▶ _SUPPLIED DATA_
----

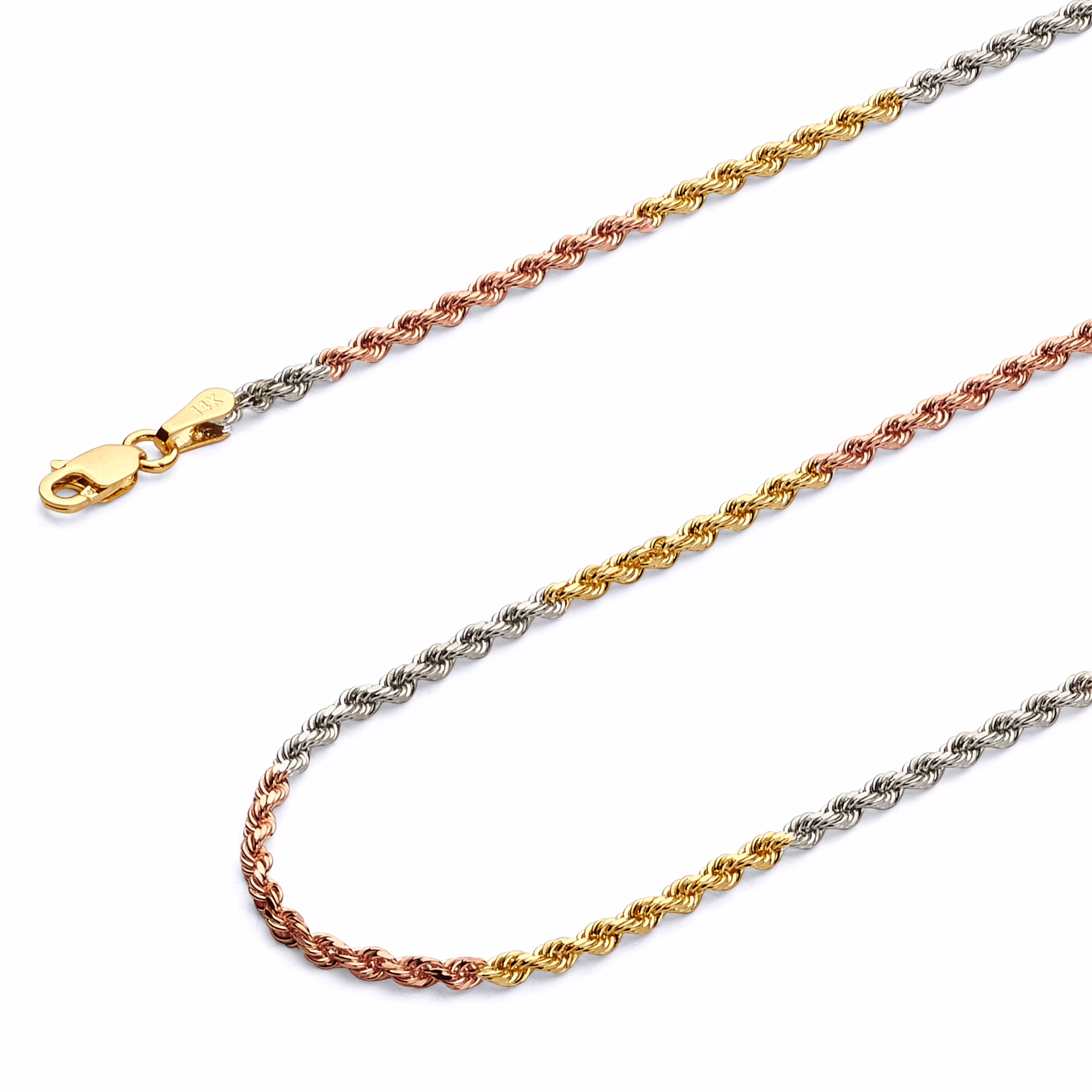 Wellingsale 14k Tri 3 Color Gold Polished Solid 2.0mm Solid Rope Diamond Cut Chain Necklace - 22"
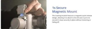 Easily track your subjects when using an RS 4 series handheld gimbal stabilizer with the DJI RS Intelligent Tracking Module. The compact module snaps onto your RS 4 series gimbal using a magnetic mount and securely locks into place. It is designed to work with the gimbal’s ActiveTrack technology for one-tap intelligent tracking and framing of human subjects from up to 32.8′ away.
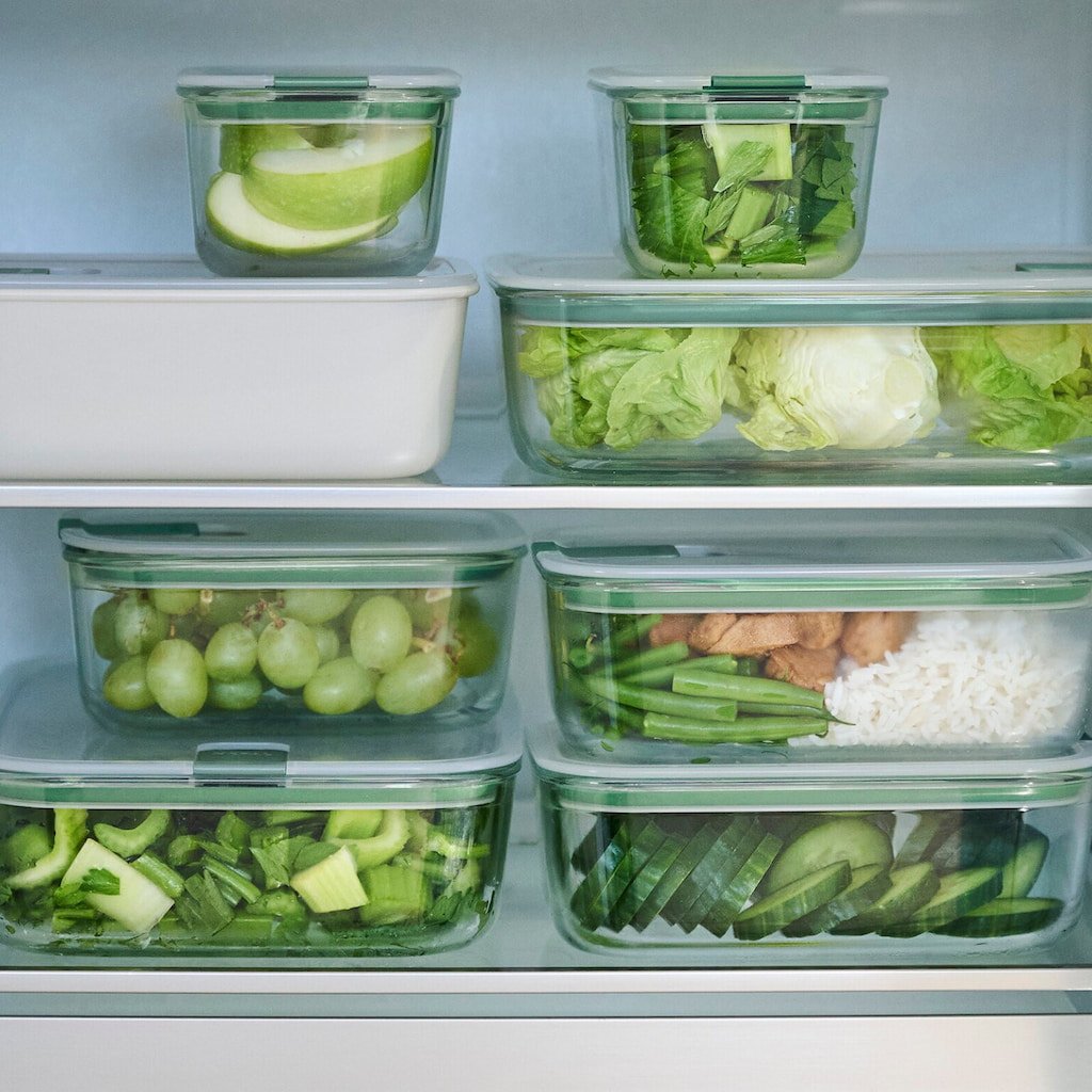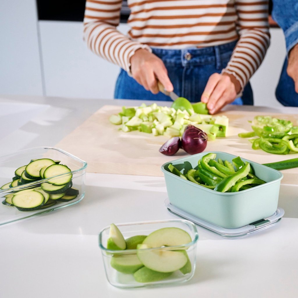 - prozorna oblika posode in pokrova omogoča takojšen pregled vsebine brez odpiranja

----

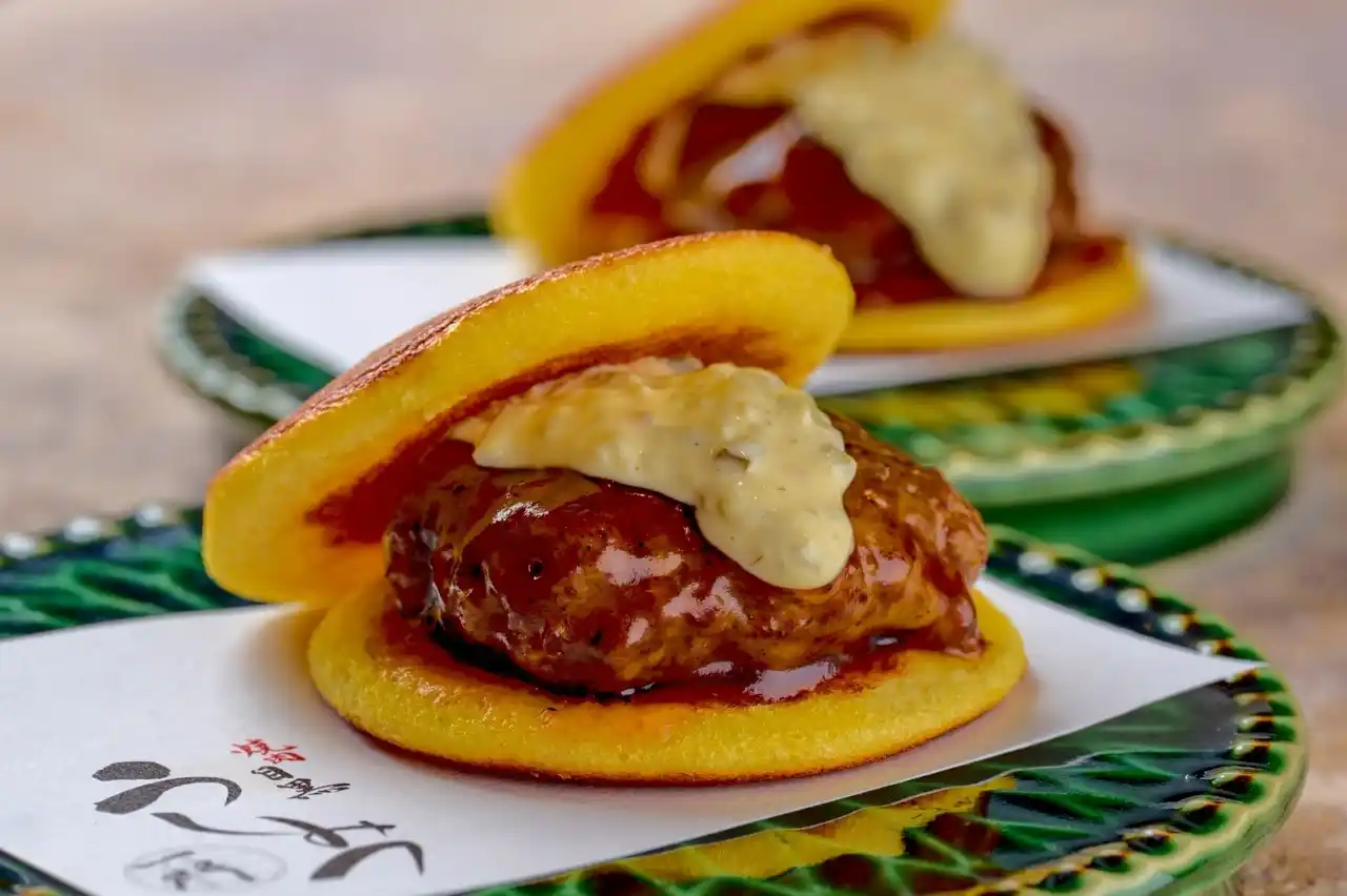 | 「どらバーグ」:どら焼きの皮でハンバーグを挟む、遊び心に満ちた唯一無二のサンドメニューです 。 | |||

----

▶ _YOUR ASSIGNMENT_
Everything above from the line containing "Wellingsale 14k Tri" down to the line containing "- prozorna oblika" is to be duplicated exactly, both lines included, and the pictures are to be omitted.

▶ _ANSWER TO THE EXERCISE_
 Wellingsale 14k Tri 3 Color Gold Polished Solid 2.0mm Solid Rope Diamond Cut Chain Necklace - 22"
 Easily track your subjects when using an RS 4 series handheld gimbal stabilizer with the DJI RS Intelligent Tracking Module. The compact module snaps onto your RS 4 series gimbal using a magnetic mount and securely locks into place. It is designed to work with the gimbal’s ActiveTrack technology for one-tap intelligent tracking and framing of human subjects from up to 32.8′ away.
 - prozorna oblika posode in pokrova omogoča takojšen pregled vsebine brez odpiranja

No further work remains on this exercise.